The new test has been designed for use with the company’s compact MAGPIX System, enabling advanced molecular laboratories to rapidly detect SARS-CoV-2 virus for up to 96 patients in approximately four hours.

Luminex said that its MAGPIX System would leverage its advanced bead-based chemistry, and its combination with the NxTAG CoV Extended Panel would provide a cost-effective testing solution for the rapid delivery of test results.

Luminex president and CEO Nachum Homi Shamir said: “We are partnering with our customers at clinical laboratories to address the global pandemic, providing fast, reliable, scalable, multiplexed tests that can help stem the spread of COVID-19 disease, while also ensuring that our tests are cost-effective.

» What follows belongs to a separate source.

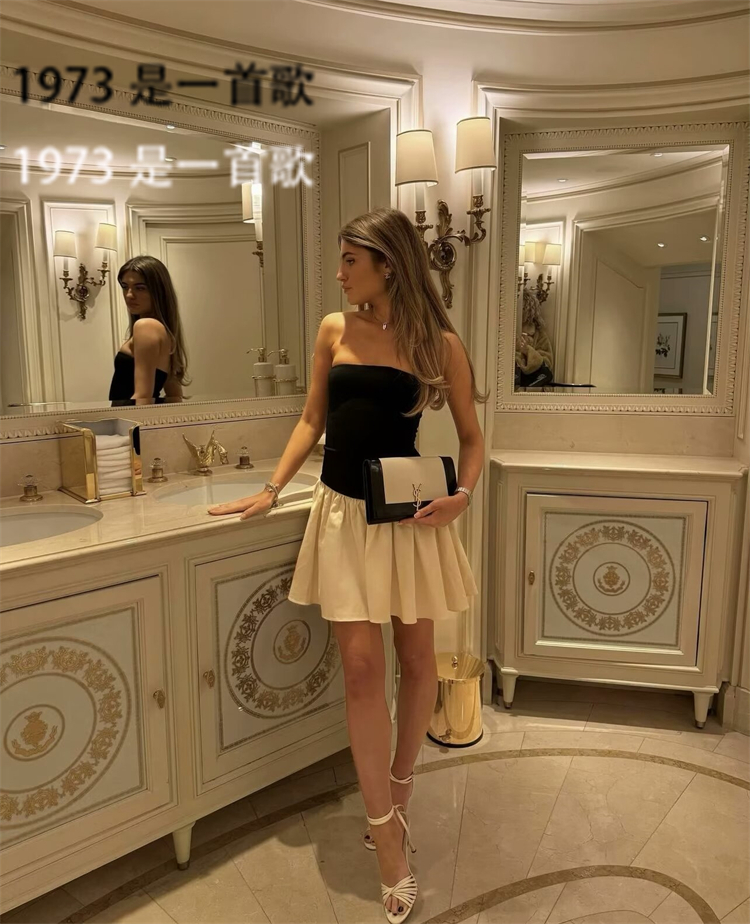 博主同款小众设计师款芭蕾风撞色小众抹胸裙拼接连衣裙高腰短裙夏

“While there are many companies providing tests that can detect the SARS-CoV-2 strain, to our knowledge Luminex is the only company providing tests that can detect and differentiate between SARS-CoV-2 and the other common respiratory infections, while keeping price below government reimbursement levels to make testing more affordable for our customers and the healthcare system.”

Luminex received $642m funding from BARDA to develop NxTAG SARS-CoV-2 Test

The company has developed the NxTAG CoV Extended Panel as a high-throughput, scalable, cost-effective option for detecting SARS-CoV-2, amid the outbreak of COVID-19 across the world.

The NxTAG CoV Extended Panel is capable of being run in parallel with the NxTAG Respiratory Pathogen Panel (RPP), to offer a complete picture of a patient’s respiratory health.

Luminex claimed that it has expanded its manufacturing capacity to produce up to 300,000 NxTAG tests per month, to help the laboratories in the US, Asia, and Europe to test for SARS-CoV-2.

In addition, the company has secured $642K funding through a contract from the Biomedical Advanced Research and Development Authority (BARDA) to develop and validate the NxTAG SARS-CoV-2 Test.

Shamir added: “We are grateful to BARDA for reviewing and issuing this contract so quickly. Our collaboration has been an important aspect to accelerating the availability of this rapid, high-throughput assay.”